Go through the entries below and copy each line that holds the word "team".

___ EXTRACTED INFORMATION

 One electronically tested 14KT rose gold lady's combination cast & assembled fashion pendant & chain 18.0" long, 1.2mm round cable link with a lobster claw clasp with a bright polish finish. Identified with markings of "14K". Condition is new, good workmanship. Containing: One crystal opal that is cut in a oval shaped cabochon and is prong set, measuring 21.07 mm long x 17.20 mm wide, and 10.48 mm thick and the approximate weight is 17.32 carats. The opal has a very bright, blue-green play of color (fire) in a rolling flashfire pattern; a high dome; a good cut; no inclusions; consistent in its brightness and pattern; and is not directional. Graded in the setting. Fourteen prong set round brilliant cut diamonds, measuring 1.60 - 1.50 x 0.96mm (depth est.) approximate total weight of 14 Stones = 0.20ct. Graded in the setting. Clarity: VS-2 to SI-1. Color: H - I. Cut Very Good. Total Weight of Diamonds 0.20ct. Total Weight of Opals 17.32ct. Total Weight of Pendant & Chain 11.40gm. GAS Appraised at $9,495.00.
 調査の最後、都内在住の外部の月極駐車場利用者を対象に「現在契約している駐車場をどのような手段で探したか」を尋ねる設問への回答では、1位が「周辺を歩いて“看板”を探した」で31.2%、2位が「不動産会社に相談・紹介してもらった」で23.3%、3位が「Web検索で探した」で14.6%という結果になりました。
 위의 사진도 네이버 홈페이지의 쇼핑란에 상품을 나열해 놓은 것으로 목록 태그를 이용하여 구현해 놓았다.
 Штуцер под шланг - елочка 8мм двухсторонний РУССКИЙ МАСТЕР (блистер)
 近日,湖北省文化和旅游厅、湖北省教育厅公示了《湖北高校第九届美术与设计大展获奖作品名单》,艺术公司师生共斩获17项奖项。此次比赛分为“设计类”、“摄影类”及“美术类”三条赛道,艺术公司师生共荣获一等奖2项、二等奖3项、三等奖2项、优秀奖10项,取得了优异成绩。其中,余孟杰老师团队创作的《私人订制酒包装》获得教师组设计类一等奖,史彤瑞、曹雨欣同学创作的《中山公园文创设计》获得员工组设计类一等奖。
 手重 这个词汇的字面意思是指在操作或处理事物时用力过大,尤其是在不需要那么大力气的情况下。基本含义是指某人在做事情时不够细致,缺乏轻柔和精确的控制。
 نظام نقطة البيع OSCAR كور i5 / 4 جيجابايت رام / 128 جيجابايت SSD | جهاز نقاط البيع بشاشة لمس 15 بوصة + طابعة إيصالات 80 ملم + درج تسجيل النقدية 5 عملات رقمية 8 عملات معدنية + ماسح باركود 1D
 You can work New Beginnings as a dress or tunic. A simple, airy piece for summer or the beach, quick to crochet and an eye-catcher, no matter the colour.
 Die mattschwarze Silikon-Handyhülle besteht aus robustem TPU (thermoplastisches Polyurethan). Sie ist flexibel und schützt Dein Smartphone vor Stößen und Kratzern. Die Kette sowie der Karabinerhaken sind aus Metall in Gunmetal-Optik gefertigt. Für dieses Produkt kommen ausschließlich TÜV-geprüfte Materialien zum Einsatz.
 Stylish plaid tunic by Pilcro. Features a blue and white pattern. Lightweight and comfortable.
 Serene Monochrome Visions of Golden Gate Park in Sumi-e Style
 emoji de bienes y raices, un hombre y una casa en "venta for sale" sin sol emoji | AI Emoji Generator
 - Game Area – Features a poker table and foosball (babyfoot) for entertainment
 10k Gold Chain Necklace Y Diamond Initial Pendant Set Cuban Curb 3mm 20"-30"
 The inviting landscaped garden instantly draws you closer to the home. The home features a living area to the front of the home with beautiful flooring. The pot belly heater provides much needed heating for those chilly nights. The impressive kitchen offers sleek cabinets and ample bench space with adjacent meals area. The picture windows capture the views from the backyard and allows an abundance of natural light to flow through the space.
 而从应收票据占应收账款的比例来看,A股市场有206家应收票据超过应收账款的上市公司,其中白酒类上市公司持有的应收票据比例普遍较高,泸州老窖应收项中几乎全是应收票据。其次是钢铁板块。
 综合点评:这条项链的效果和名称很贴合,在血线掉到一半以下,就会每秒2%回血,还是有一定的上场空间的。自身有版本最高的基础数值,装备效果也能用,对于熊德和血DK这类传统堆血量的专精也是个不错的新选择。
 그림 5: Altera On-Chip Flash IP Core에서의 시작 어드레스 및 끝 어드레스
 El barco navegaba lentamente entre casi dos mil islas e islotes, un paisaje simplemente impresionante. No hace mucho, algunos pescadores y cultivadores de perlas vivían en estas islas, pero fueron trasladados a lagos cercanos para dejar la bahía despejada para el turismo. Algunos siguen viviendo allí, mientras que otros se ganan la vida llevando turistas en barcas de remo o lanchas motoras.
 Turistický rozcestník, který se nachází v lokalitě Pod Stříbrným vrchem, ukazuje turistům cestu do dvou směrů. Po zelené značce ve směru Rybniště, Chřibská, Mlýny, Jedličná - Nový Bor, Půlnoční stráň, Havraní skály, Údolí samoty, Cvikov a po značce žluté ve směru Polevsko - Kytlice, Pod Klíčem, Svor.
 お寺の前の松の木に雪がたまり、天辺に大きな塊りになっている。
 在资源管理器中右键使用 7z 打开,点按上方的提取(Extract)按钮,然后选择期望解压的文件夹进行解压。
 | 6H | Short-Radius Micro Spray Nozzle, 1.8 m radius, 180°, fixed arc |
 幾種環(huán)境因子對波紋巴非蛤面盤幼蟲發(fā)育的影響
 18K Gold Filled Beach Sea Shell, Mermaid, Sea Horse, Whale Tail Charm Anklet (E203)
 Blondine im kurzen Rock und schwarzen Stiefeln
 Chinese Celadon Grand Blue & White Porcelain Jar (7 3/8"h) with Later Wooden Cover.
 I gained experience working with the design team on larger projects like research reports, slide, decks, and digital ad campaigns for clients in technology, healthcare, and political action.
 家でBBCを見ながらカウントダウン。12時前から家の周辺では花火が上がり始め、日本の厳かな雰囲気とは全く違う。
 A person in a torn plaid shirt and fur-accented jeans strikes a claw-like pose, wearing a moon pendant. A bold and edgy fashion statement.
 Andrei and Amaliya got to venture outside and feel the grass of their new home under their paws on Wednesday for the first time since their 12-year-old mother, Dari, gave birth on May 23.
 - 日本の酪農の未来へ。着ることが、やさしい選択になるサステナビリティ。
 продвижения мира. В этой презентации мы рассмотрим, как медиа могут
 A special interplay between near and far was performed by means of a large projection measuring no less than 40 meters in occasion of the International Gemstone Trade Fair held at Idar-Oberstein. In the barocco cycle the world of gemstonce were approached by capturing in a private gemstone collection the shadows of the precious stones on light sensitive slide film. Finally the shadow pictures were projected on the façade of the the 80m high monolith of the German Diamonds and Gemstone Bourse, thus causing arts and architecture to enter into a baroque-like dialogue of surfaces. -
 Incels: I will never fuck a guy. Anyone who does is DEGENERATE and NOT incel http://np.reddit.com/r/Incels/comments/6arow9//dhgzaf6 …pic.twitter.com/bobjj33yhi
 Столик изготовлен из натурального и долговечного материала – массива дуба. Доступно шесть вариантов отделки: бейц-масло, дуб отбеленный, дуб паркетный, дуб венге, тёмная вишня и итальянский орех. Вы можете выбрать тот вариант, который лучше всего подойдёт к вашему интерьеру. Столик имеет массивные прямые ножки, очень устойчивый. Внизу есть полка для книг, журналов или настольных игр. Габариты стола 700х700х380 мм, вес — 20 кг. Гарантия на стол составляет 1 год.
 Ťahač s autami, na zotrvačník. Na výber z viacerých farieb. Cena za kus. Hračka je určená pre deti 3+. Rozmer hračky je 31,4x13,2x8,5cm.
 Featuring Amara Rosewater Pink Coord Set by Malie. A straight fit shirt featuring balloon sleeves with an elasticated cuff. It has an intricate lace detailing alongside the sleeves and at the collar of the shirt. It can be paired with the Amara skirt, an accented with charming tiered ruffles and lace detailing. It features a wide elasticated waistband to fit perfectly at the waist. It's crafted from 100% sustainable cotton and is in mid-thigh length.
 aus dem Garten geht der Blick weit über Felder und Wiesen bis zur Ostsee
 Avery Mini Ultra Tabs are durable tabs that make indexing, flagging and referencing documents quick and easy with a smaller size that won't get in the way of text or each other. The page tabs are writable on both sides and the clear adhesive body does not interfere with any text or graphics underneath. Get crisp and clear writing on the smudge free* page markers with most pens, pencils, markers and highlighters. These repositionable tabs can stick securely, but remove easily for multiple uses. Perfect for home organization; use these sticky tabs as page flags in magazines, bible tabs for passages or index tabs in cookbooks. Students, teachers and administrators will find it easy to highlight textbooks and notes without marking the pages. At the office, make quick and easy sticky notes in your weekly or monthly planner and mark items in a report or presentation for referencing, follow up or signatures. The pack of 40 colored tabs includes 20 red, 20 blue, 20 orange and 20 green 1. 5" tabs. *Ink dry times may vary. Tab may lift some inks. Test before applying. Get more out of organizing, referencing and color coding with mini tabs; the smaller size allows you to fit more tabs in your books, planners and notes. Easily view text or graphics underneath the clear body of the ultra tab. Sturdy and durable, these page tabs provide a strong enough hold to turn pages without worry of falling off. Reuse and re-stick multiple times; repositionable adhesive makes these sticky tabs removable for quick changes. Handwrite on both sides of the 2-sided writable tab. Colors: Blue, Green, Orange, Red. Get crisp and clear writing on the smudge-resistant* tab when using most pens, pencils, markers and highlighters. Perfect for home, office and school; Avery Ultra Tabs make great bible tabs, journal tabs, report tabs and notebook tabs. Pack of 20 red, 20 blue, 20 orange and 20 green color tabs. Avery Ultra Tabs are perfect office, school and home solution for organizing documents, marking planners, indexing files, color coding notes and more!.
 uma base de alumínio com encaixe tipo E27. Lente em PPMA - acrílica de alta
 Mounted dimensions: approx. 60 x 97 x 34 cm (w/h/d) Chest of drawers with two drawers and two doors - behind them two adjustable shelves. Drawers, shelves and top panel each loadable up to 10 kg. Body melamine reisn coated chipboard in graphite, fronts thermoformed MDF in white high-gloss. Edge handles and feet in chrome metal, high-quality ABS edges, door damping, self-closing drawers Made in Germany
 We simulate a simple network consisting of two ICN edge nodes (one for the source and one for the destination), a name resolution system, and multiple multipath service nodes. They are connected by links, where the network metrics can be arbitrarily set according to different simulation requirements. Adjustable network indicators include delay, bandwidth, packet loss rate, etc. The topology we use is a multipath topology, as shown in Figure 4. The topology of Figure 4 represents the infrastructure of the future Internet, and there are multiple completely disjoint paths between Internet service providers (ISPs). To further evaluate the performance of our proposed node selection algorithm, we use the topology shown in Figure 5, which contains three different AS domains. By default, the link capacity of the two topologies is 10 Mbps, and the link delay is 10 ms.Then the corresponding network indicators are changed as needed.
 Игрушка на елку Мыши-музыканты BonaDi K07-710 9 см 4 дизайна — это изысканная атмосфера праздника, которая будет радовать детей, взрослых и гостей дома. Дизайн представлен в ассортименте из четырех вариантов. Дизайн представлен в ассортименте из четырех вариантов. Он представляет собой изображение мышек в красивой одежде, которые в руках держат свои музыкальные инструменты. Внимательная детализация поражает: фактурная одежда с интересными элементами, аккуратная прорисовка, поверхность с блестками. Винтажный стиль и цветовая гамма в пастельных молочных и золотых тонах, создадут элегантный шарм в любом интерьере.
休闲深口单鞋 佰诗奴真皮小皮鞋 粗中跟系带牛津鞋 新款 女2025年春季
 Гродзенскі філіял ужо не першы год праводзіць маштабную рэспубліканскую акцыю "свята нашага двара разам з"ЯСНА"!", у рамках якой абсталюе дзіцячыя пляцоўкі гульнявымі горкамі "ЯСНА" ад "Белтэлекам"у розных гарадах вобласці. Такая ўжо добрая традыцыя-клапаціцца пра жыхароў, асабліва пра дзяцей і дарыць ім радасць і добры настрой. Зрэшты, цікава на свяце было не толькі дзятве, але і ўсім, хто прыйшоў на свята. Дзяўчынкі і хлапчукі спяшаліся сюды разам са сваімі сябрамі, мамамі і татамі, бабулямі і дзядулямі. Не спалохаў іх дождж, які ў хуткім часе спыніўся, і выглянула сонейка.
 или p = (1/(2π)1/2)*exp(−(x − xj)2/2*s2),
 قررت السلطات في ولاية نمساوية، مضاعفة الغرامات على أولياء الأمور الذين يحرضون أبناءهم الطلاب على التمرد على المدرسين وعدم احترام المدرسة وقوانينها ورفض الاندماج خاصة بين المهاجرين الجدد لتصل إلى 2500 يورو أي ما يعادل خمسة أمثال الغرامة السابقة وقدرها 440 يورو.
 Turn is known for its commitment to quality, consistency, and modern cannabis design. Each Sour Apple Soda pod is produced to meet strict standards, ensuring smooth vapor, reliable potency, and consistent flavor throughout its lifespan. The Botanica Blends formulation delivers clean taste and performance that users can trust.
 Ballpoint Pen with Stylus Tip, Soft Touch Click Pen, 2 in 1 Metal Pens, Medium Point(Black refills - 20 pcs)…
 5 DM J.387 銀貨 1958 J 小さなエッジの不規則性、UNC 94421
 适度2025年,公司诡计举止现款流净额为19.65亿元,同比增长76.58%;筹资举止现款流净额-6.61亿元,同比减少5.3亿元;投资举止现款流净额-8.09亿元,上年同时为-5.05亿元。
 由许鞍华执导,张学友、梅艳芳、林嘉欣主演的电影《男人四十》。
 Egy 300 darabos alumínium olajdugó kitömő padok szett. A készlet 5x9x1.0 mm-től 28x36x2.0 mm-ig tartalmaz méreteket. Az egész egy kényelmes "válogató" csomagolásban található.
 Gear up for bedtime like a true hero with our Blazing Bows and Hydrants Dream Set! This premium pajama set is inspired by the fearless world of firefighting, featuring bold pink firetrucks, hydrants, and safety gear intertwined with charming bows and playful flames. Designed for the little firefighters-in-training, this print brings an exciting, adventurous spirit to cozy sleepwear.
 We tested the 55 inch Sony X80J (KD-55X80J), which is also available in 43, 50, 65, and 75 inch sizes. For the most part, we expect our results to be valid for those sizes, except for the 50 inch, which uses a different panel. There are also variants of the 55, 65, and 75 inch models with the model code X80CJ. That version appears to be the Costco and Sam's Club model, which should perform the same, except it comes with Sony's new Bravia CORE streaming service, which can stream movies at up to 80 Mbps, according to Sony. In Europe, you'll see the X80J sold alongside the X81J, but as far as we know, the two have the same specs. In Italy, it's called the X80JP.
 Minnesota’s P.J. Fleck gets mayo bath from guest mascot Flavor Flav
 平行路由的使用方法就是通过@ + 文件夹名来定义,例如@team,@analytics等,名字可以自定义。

______

▶ **RESULT**
 I gained experience working with the design team on larger projects like research reports, slide, decks, and digital ad campaigns for clients in technology, healthcare, and political action.
 平行路由的使用方法就是通过@ + 文件夹名来定义,例如@team,@analytics等,名字可以自定义。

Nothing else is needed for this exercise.